The number of black investors funding startups is small but growing

(Image: File)
(Image: File)

Daymond John helped revolutionize urban fashion in the 1990s as founder, president, and CEO of FUBU (“For Us, By Us”). He guided the iconic brand into a multimillion-dollar business, placing it at the same table with such designer sportswear labels as Donna Karan New York and Tommy Hilfiger.

These days, John is known for being a “shark” on the hit reality series “Shark Tank”. Every Friday night, some seven million viewers tune in to the ABC show that features a panel of investors, or “sharks,” that consider offers from aspiring entrepreneurs seeking capital. John, a member of the cast since the show’s premiere in 2009, along with four other prominent chief executives listens to business pitches (a contestant’s one-hour pitch is edited down to a 10-minute segment) from everyday people hoping to take their company or product to new heights. Using their own money, the sharks have invested more than $20 million, having completed more than 30 deals with an average valuation of $250,000. John is the show’s second leading investor.

Studies show that African American-owned firms are less likely to receive angel investment. In the first half of 2013, only 8.5% of startups pitching to angels were minority-owned; 16% were women-led, according to a report by the Center for Venture Research at the University of New Hampshire. Only 15% of those minority-owned businesses successfully got funded, while 24% of the female entrepreneurs received angel investments. Moreover, ethnic minorities account for less than 5% of the angel population.

Like John, a number of people are providing startup and early stage capital to companies, including those owned by minorities. Take tennis champion Serena Williams, who invested in the mobile and video sharing app Mobli. And actor Wendell Pierce has invested in a chain of convenience stores, Sterling Express, and a grocery store called Sterling Farms.

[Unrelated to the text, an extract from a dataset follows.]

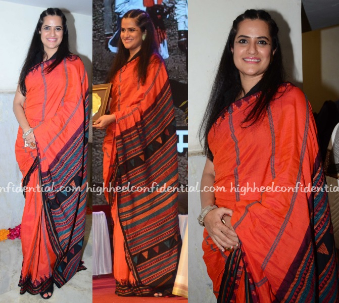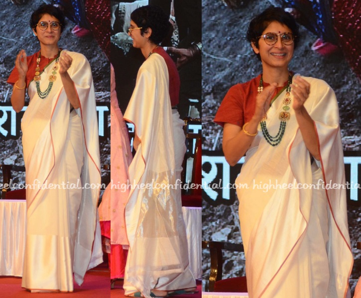 The Paani Foundation, an initiative started by Aamir and Kiran, held its award ceremony for a water saving competition on Monday evening. It was interesting to see Ms. Rao’s subtle ode to the Indian National Flag and the day by way of her sari. If you look closely, you’ll notice the orange and green piping on the border.
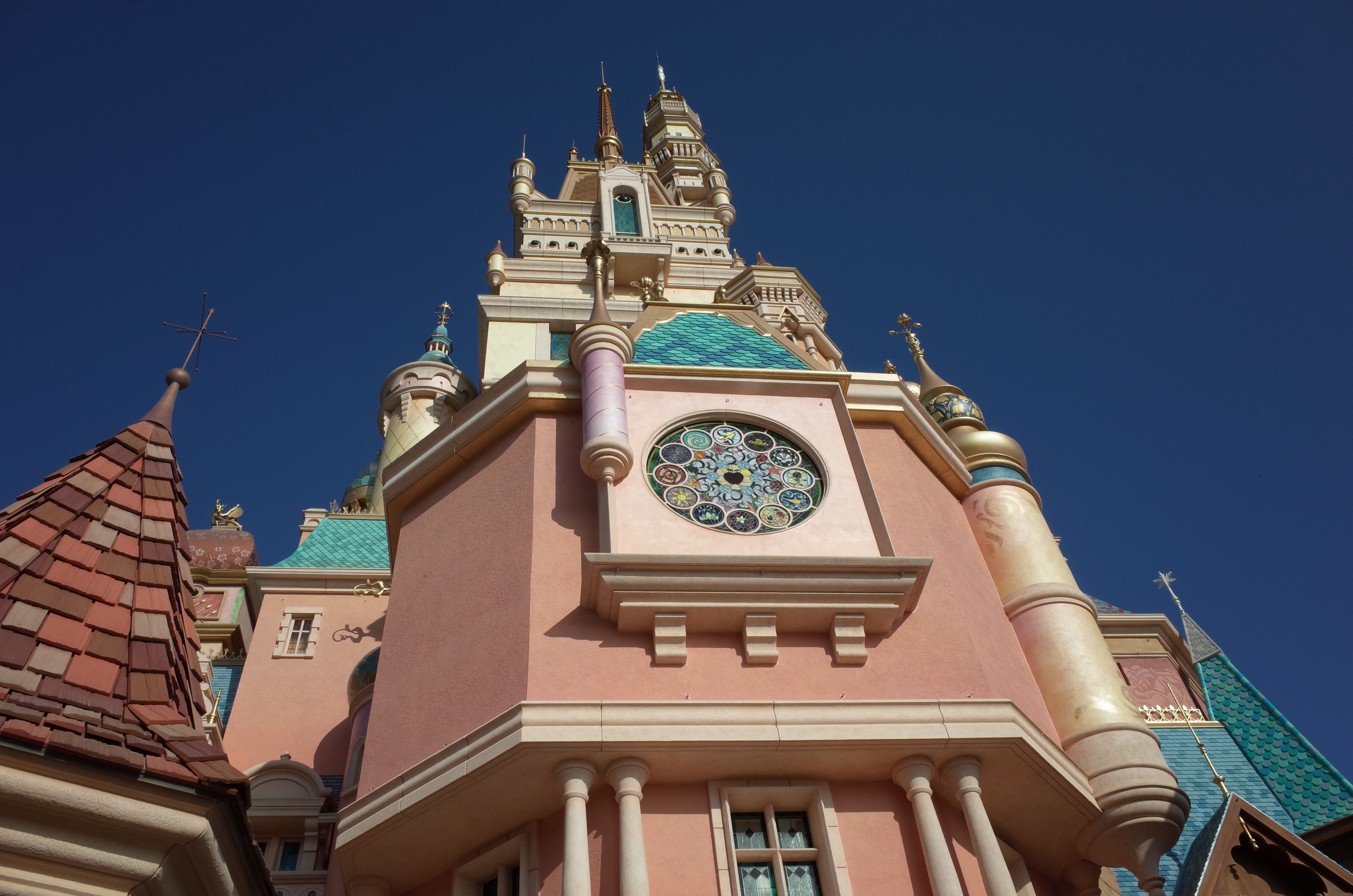 在城堡前抬頭一看,會發現每座塔樓及尖頂都擁有獨特的顔色配搭、標誌圖案和紋理裝飾,原來是代表著13個關於迪士尼公主及女王的故事,這個時候便考驗觀者對迪士尼故事的熟悉程度了,包括白雪公主的金蘋果、灰姑娘的金色南瓜車、貝兒的魔法玫瑰、安娜與艾沙的銀光雪花。而代表愛洛公主的城塔,則是城塔中最高的一座,掛上金光閃閃的王冠,為向昔日的「睡公主城堡」致敬。

Having a business idea or product that resonates with a potential investor is key to raising capital, says John, who has created a namesake three-day program, the Daymond John Academy, to help entrepreneurs from those just starting out to the experienced. “People come to guys like us because we do not impose the restrictions or the number of requests that the banks and the financial institutions do,” he says. “We do risk investments. Ten percent of our capital ends up creating a return, and the return is greater than all the risks taken.”

An angel is an affluent person who invests his or her own money in a business startup, usually in exchange for convertible debt or ownership equity. In the U.S. there are currently about 7.2 million accredited investors, or individuals who earn $200,000 or more each year or whose net worth (not including their home) exceeds $1 million. Deals can range from $150,000 to $1 million, but the average angel investment in the first half of 2013 was $337,850.


For entrepreneurs seeking accredited investors Blackenterprise.com identified 20 angels you should know about.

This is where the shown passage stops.